The Muller F element (4.2 Mb, ~80 protein-coding genes) is an unusual autosome of Drosophila melanogaster; it is mostly heterochromatic with a low recombination rate. To investigate how these properties impact the evolution of repeats and genes, we manually improved the sequence and annotated the genes on the D. erecta, D. mojavensis, and D. grimshawi F elements and euchromatic domains from the Muller D element. We find that F elements have greater transposon density (25–50%) than euchromatic reference regions (3–11%). Among the F elements, D. grimshawi has the lowest transposon density (particularly DINE-1: 2% vs. 11–27%). F element genes have larger coding spans, more coding exons, larger introns, and lower codon bias.
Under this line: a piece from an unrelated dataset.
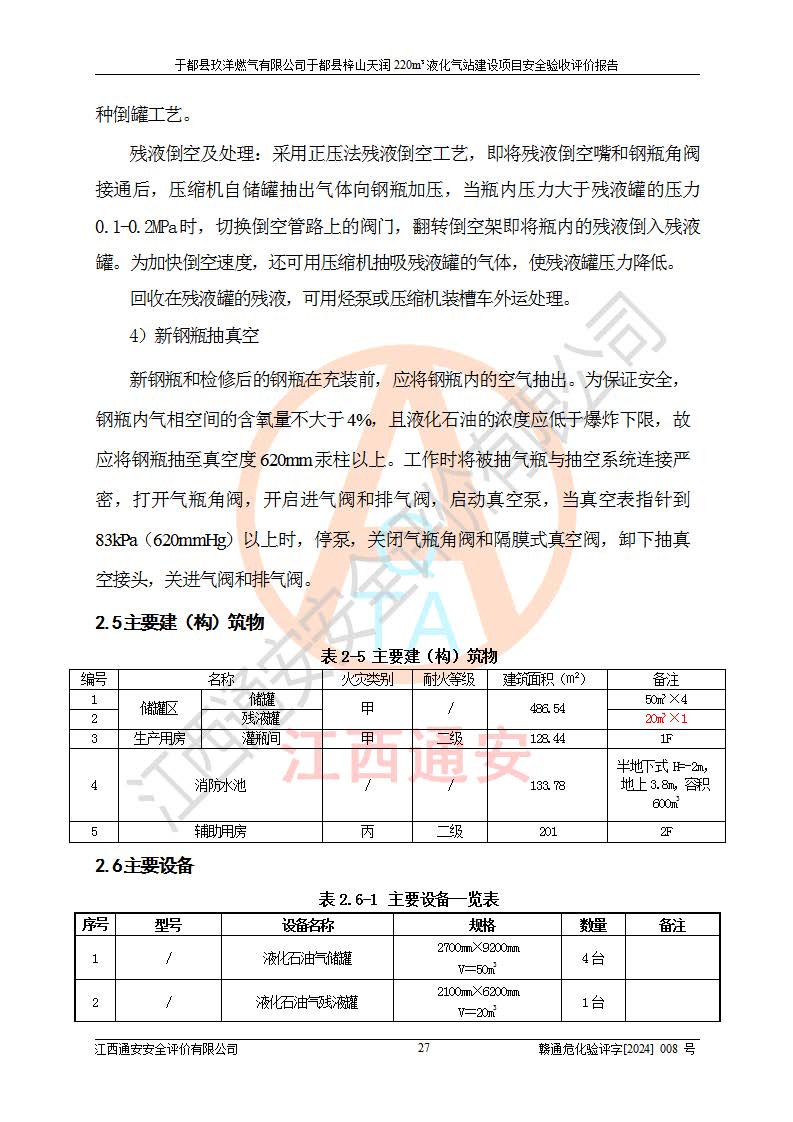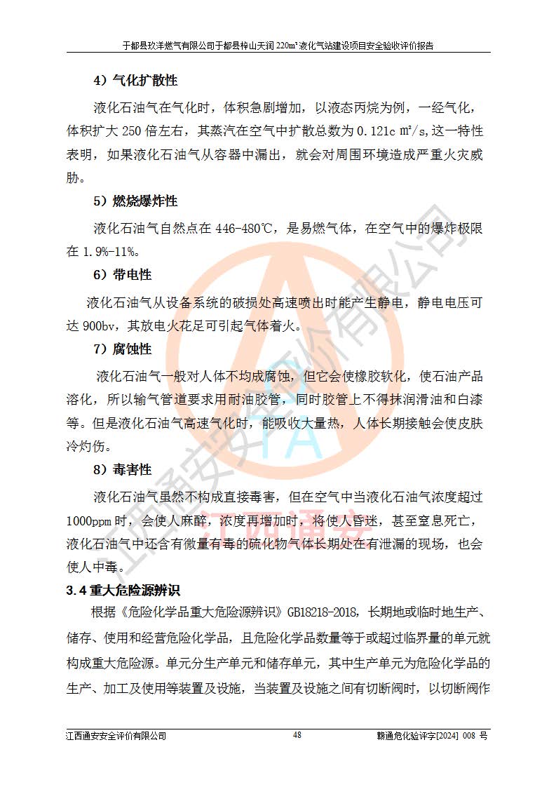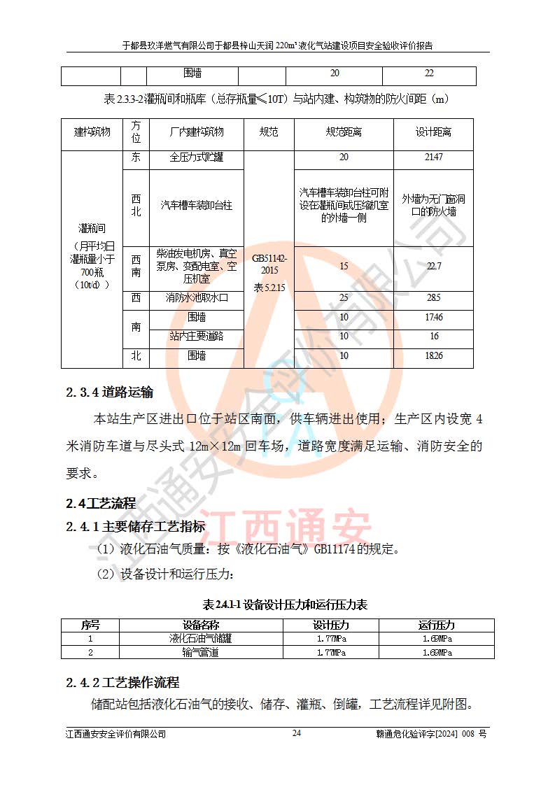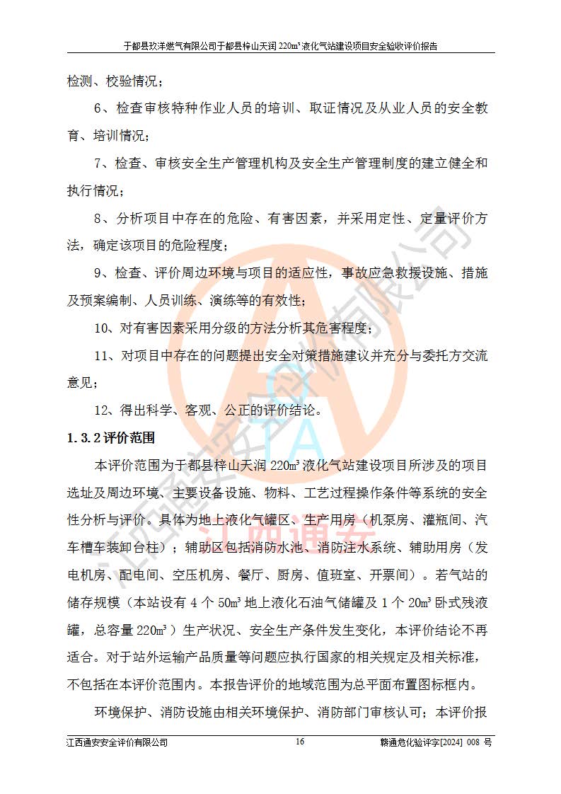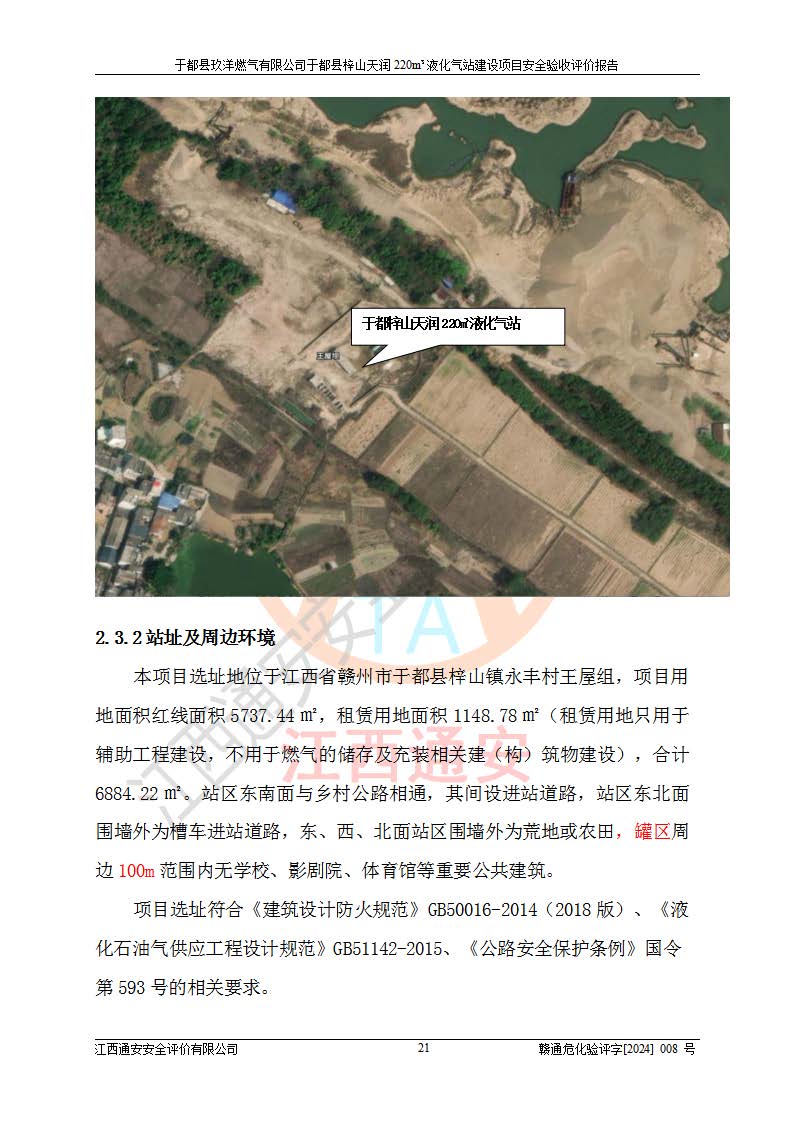 項(xiàng)目簡介 | 于都縣玖洋燃?xì)庥邢薰臼浅闪⒂?/span>2022年03月04日,是從事燃?xì)饨?jīng)營(憑**燃?xì)饨?jīng)營許可證經(jīng)營)、燃?xì)馄骶呒芭浼N售的自然人獨(dú)資的有限責(zé)任公司。于都縣玖洋燃?xì)庥邢薰居诙伎h梓山天潤220m3液化氣站位于江西省贛州市于都縣梓山鎮(zhèn)永豐村王屋組。用地面積為6884.2㎡(項(xiàng)目用地面積紅線面積5737.44㎡,租賃用地面積1148.78㎡,租賃用地只用于輔助工程建設(shè),不用于燃?xì)獾膬?chǔ)存及充裝相關(guān)建(構(gòu))筑物建設(shè))。該站設(shè)有4個(gè)50m3地上液化石油氣儲(chǔ)罐及1個(gè)20m3臥式殘液罐,總?cè)萘?/span>220m3,根據(jù)《液化石油氣供應(yīng)工程設(shè)計(jì)規(guī)范》GB51142-2015表 3.0.12對液化石油氣供應(yīng)站等級(jí)的劃分,該站為六級(jí)液化石油氣供應(yīng)站。主要經(jīng)營的鋼瓶液化氣供應(yīng)于都縣附近居民,月平均日灌瓶量小于700瓶(10t/d)。 于都縣玖洋燃?xì)庥邢薰居诙伎h梓山天潤220m3液化氣站位于江西省贛州市于都縣梓山鎮(zhèn)永豐村王屋組,法人**為藍(lán)建強(qiáng),注冊資本貳**元整,成立時(shí)間2022年03月04日,許可項(xiàng)目:燃?xì)饨?jīng)營,于2022年08月30日已取得贛州市行政審批局出具的《關(guān)于核準(zhǔn)于都縣梓山天潤220m3液化氣站建設(shè)項(xiàng)目的批復(fù)》(項(xiàng)目代碼為:2208-360700-04-01-805994)。項(xiàng)目于2023年7月已委托江西省化學(xué)工業(yè)設(shè)計(jì)院出具的《安全設(shè)施設(shè)計(jì)》,于2023年9月8 日完成土建施工以及設(shè)備安裝,《氣瓶充裝許可證》已與2024年01月16日取得,由江西省市場監(jiān)督管理局發(fā)證。編號(hào)為TS4236291-2028,《燃?xì)饨?jīng)營許可證》待驗(yàn)收達(dá)標(biāo)后方可辦理。 根據(jù)《中華人民共和國安全生產(chǎn)法》(中華人民共和國主席令第13號(hào),第88號(hào)修改[2021修訂])、《城鎮(zhèn)燃?xì)夤芾項(xiàng)l例》(***令第583號(hào))、《江西省城鎮(zhèn)燃?xì)饨?jīng)營許可證管理辦法》( 2003年8月31日江西省人民**令第123號(hào)公布 2014年1月30日江西省人民**令第210號(hào)**次修正 2019年11月27日江西省人民**令第242號(hào)第二次修正)及《建設(shè)項(xiàng)目安全設(shè)施“三同時(shí)”監(jiān)督管理辦法》(**安監(jiān)總局令第36號(hào),77號(hào)令修訂)的要求,新建、改建、遷建、擴(kuò)建的城鎮(zhèn)燃?xì)饨ㄔO(shè)項(xiàng)目應(yīng)當(dāng)進(jìn)行進(jìn)行安全評價(jià)。 受于都縣玖洋燃?xì)庥邢薰镜奈?/span>, 江西通安安全評價(jià)有限公司承擔(dān)于都縣玖洋燃?xì)庥邢薰居诙伎h梓山天潤220m3液化氣站建設(shè)項(xiàng)目的安全驗(yàn)收評價(jià)工作,于2023年11月13日,組成評價(jià)小組到于都縣梓山天潤220m3液化氣站進(jìn)行了現(xiàn)場檢查。本次安全評價(jià),主要針對相關(guān)液化氣儲(chǔ)存、充裝項(xiàng)目進(jìn)行了類比調(diào)研后,依據(jù)**法律法規(guī)、標(biāo)準(zhǔn)規(guī)范及相關(guān)文件進(jìn)行安全驗(yàn)收評價(jià)。依據(jù)《安全評價(jià)通則》(AQ8001-2007)和《安全驗(yàn)收評價(jià)導(dǎo)則》(AQ8003-2007)編制本《安全驗(yàn)收評價(jià)報(bào)告》,并于形成評價(jià)報(bào)告,供建設(shè)單位、**部門參考。 | ||||

Comparison of the Effective Number of Codons with the Codon Adaptation Index shows that, in contrast to the other species, codon bias in D. grimshawi F element genes can be attributed primarily to selection instead of mutational biases, suggesting that density and types of transposons affect the degree of local heterochromatin formation. F element genes have lower estimated DNA melting temperatures than D element genes, potentially facilitating transcription through heterochromatin. Most F element genes (~90%) have remained on that element, but the F element has smaller syntenic blocks than genome averages (3.4–3.6 vs. 8.4–8.8 genes per block), indicating greater rates of inversion despite lower rates of recombination. Overall, the F element has maintained characteristics that are distinct from other autosomes in the Drosophila lineage, illuminating the constraints imposed by a heterochromatic milieu.